40, engaged, and size 8!
on March 25, 2008 9:15 am
For my 40th birthday, Tom completely surprised me by popping the question. We were at Fort Clatsop, outside in the woods, with a guy in a Davy Crockett hat in the background lecturing to a group of schoolkids-it was so funny. Tom had walked a bit into the forest and was on one knee taking pictures of a mossy tree. I came over to look at what he was shooting, when suddenly he pulled out a jewelry box, opened it to show the most gorgeous ring, and made the most beautiful proposal ever! My jaw dropped and I almost fainted, I was so shocked. We then had a lovely romantic weekend in Astoria. We are going to the courthouse on May 16 to make it legal, then having a reception on August 9. We're keeping everything simple and low-key. I love being engaged-it makes me feel all glowy and girly and romantic. I've been trying different hairstyles and painting my nails and doing my makeup, much more than I have in years. I'm even considering ditching the glasses and wearing contacts most of the time. I've hidden behind my glasses for years-this is a huge step. We went to a cake-tasting on Friday, which was lovely. Even though I had some dinner before the tasting, I ended up dumping pretty hard afterwards. I've noticed that I dump on cake with frosting way more than any other sweet-it must be the combination of fat and sugar. I can eat a whole McDonald's ice cream cone with no trouble, though. Yes, I'm embarrassed to say that I actually tried it one day.  Why I decided to tempt fat like that, I don't know-old habits die hard, and I am really struggling with them. 

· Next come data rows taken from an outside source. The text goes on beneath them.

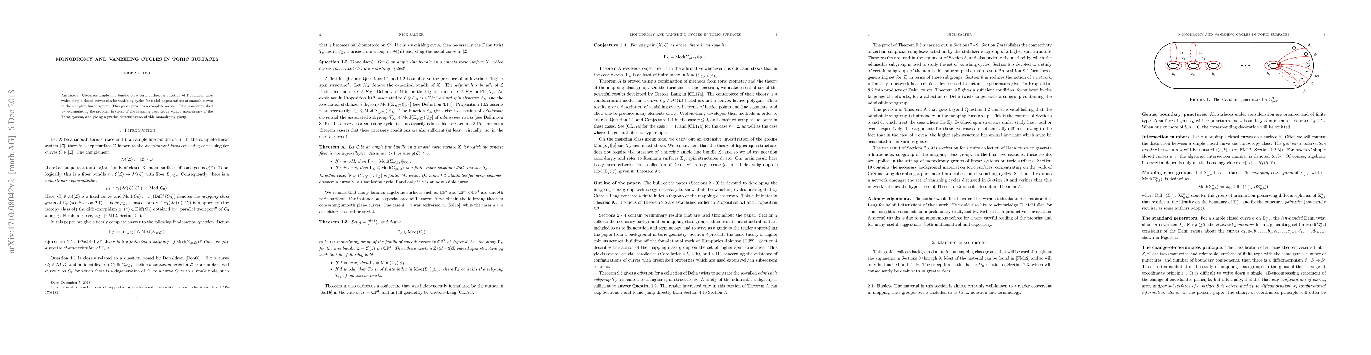 This paper resolves Donaldson's question about which simple closed curves can be vanishing cycles in nodal degenerations of smooth curves on toric surfaces by reformulating the problem using the mapping class group-valued monodromy of the linear system and determining the precise structure of this monodromy group.
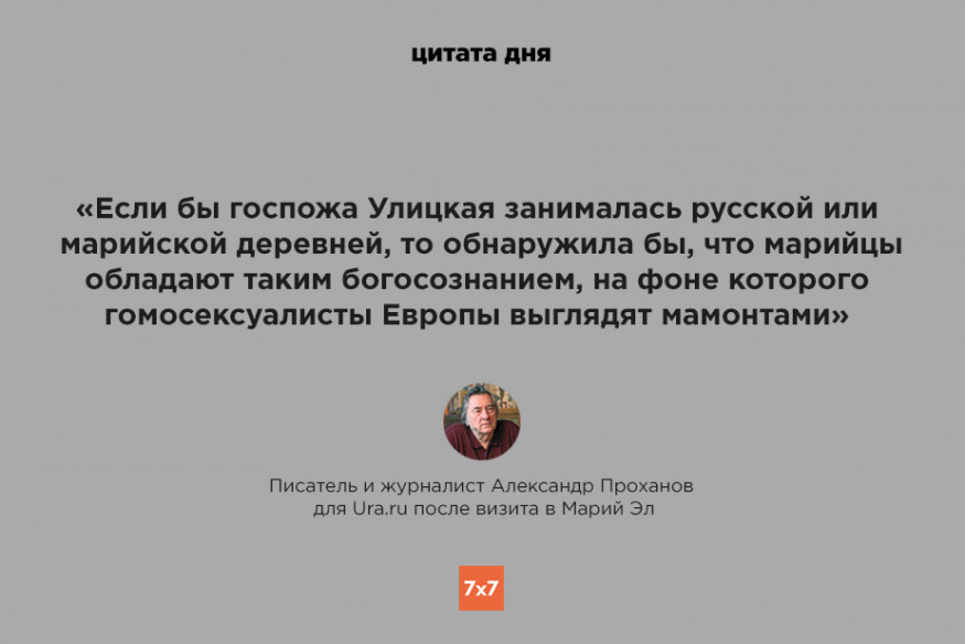 Известный политик, писатель и публицист Александр Проханов побывал в Марий Эл. Он встретился с главой республики Александром Евстифеевым, провел круглый стол по общественно-политической ситуации в регионе, посетил галерею и марийскую священную рощу.
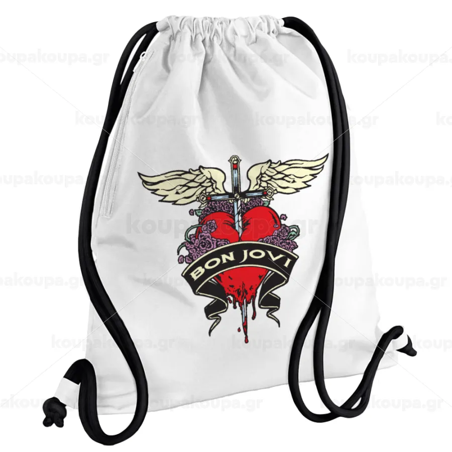 Bon Jovi, Τσάντα πλάτης πουγκί GYMBAG λευκή, με τσέπη (40x48cm) & χονδρά κορδόνια
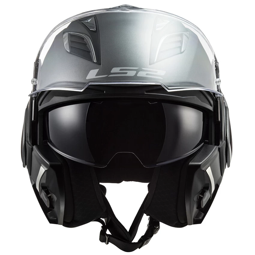 The helmet features multiple intake and exhaust ports ported through the EPS liner for flow-through ventilation. A full metal latch assures the chin bar will stay locked when closed, and an LS2 exclusive design keeps the chin bar securely in place at the back of the helmet when it is in the open position.

My weight hasn't budged in months-it's pretty upsetting because it looks like I quit losing at only 9 months out. I thought the "honeymoon" phase was supposed to last much longer? My one-year surgery anniversary is coming up and I'm 50 lbs away from goal, and it looks like I'll never get there. The good news is, I'm firmly in size 10 pants, and even bought a pair of size 8s that I am comfortably wearing! I've never been a single digit size as an adult-it feels wonderful, I must say. On top I'm a different story-I'm mostly in a 14 blouse or dress. Maybe some day I'll be a size 8 on top? That would be incredible!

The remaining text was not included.